> What to do
From the first line to the last, copy the listing exactly and omit the pictures.

-=-=-=-=-

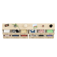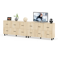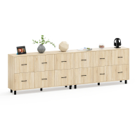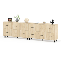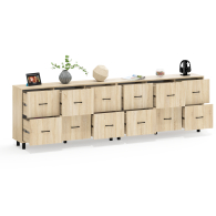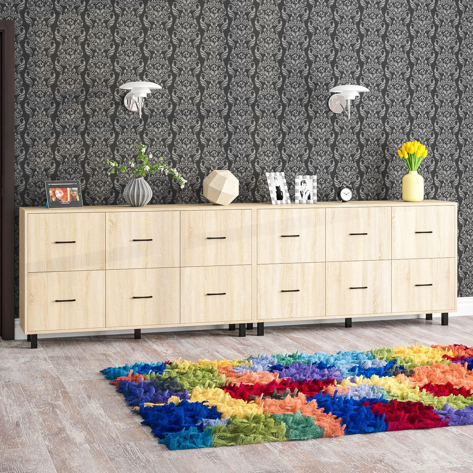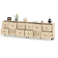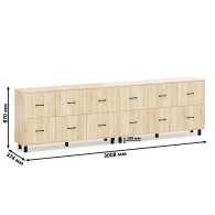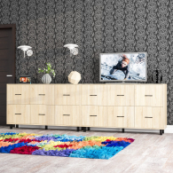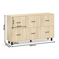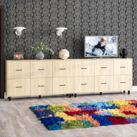 Каждый комод-тумба оборудован шестью одинаковыми выдвижными ящиками, расположенными в два ряда (по три сверху и три снизу). Размер фасадов ящиков – 365х486 мм, ящики снабжены шариковыми направляющими длиной 350 мм, которые обеспечивают мягкое и надежное открывание. Комоды установлены на десять металлических опор черного цвета высотой 100 мм, придающих конструкции устойчивость и легкость. Металлические ручки длиной 128 мм в минималистичном стиле добавляют комодам изысканности и практичности.
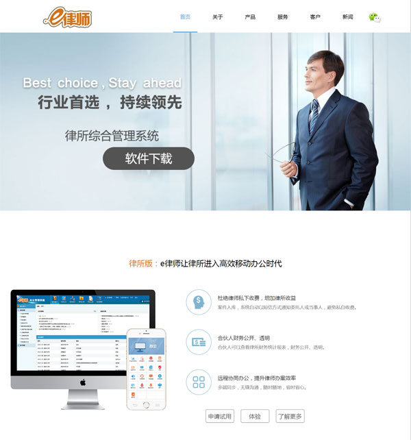 e律師技術團隊開發的律師事務辦公管理系統,與眾多律師事務所共同協作,在各位律師精英的大力支持下,經一年多的試運營,律師事務辦公管理系統命名為“e律師”律所綜合管理系統,同時,e律師官網正式上線,網址:www.110jk.cn。
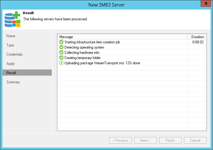 At the Result step of the wizard, complete the procedure of Microsoft SMB3 server or cluster adding.
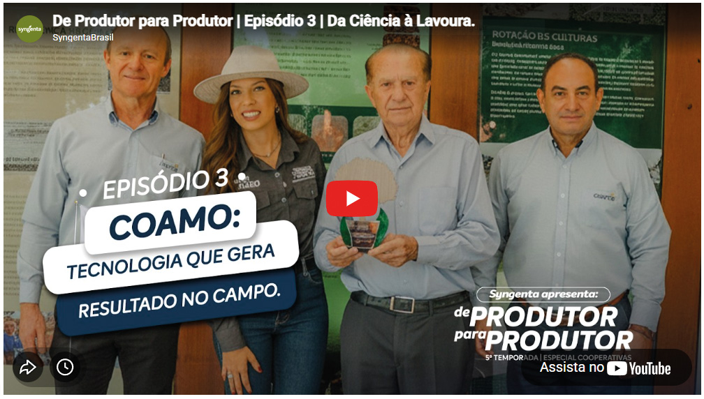 O terceiro episódio da websérie “De Produtor para Produtor – 5ª Temporada: Especial Cooperativas”, produzida pela Syngenta Brasil, tem como cenário a Coamo, apresentando o trabalho da cooperativa na transformação de tecnologia em produtividade, sustentabilidade e rentabilidade para seus mais de 32,7 mil cooperados.
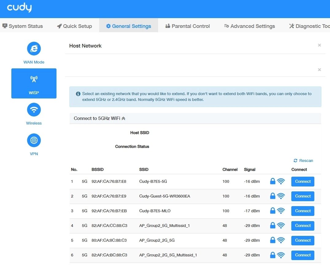 Determine 5GHz or 2.4GHz WiFi network you want to connect to. And then click Scan to search for available Wi-Fi networks. If necessary, click Rescan to re-search or update the host network list.
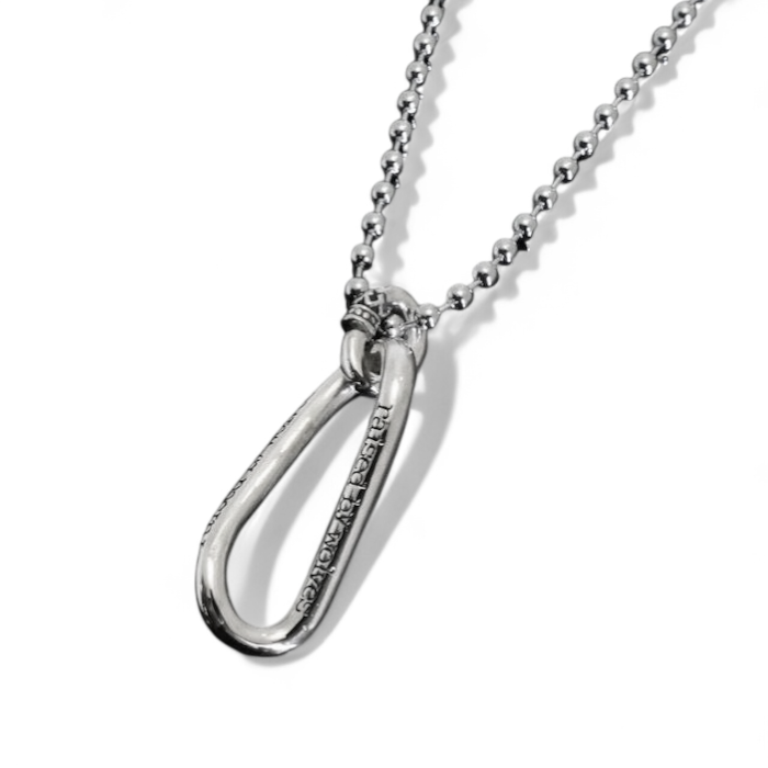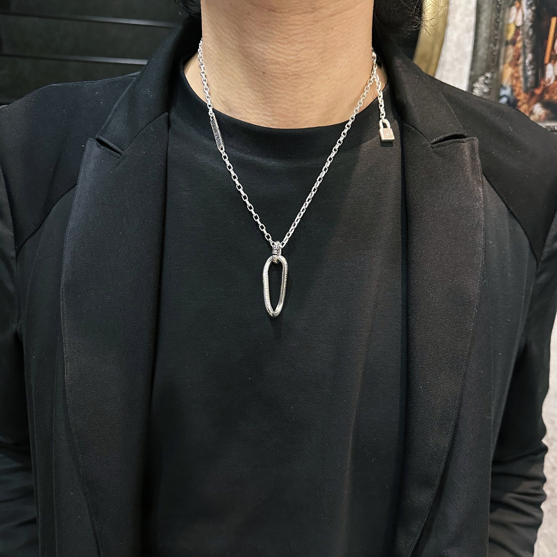 FRAGMENT(断片)に込められたストーリー GODSIZE® FIGARO FRAGMENT pendant ゴッドサイズ® フィガロチェーンの持つ曲線美を、FRAGMENT(断片)として強調したペンダント。バチカンに独創的なデザインのクラウンモチーフをあしらうことで生まれたこのアイテムは、単なるアクセサリーを超えた、物語を語りかけるような魅力を持っています。 独立した一コマは、まるで一つの完成されたアートピースのよう。シンプルでありながらも、その美しい曲線は見る者の心を捉えます。 それは、誰にも媚びず、自身の道を歩むあなたの強さ、そして内に秘めた美しさを象徴するかのよう。 身につけることで、自身のストーリーを静かに語り始めます。 こちらは、ひとまわり大きなLサイズ。

-=-=-=-=-

> Reply
 Каждый комод-тумба оборудован шестью одинаковыми выдвижными ящиками, расположенными в два ряда (по три сверху и три снизу). Размер фасадов ящиков – 365х486 мм, ящики снабжены шариковыми направляющими длиной 350 мм, которые обеспечивают мягкое и надежное открывание. Комоды установлены на десять металлических опор черного цвета высотой 100 мм, придающих конструкции устойчивость и легкость. Металлические ручки длиной 128 мм в минималистичном стиле добавляют комодам изысканности и практичности.
 e律師技術團隊開發的律師事務辦公管理系統,與眾多律師事務所共同協作,在各位律師精英的大力支持下,經一年多的試運營,律師事務辦公管理系統命名為“e律師”律所綜合管理系統,同時,e律師官網正式上線,網址:www.110jk.cn。
 At the Result step of the wizard, complete the procedure of Microsoft SMB3 server or cluster adding.
 O terceiro episódio da websérie “De Produtor para Produtor – 5ª Temporada: Especial Cooperativas”, produzida pela Syngenta Brasil, tem como cenário a Coamo, apresentando o trabalho da cooperativa na transformação de tecnologia em produtividade, sustentabilidade e rentabilidade para seus mais de 32,7 mil cooperados.
 Determine 5GHz or 2.4GHz WiFi network you want to connect to. And then click Scan to search for available Wi-Fi networks. If necessary, click Rescan to re-search or update the host network list.
 FRAGMENT(断片)に込められたストーリー GODSIZE® FIGARO FRAGMENT pendant ゴッドサイズ® フィガロチェーンの持つ曲線美を、FRAGMENT(断片)として強調したペンダント。バチカンに独創的なデザインのクラウンモチーフをあしらうことで生まれたこのアイテムは、単なるアクセサリーを超えた、物語を語りかけるような魅力を持っています。 独立した一コマは、まるで一つの完成されたアートピースのよう。シンプルでありながらも、その美しい曲線は見る者の心を捉えます。 それは、誰にも媚びず、自身の道を歩むあなたの強さ、そして内に秘めた美しさを象徴するかのよう。 身につけることで、自身のストーリーを静かに語り始めます。 こちらは、ひとまわり大きなLサイズ。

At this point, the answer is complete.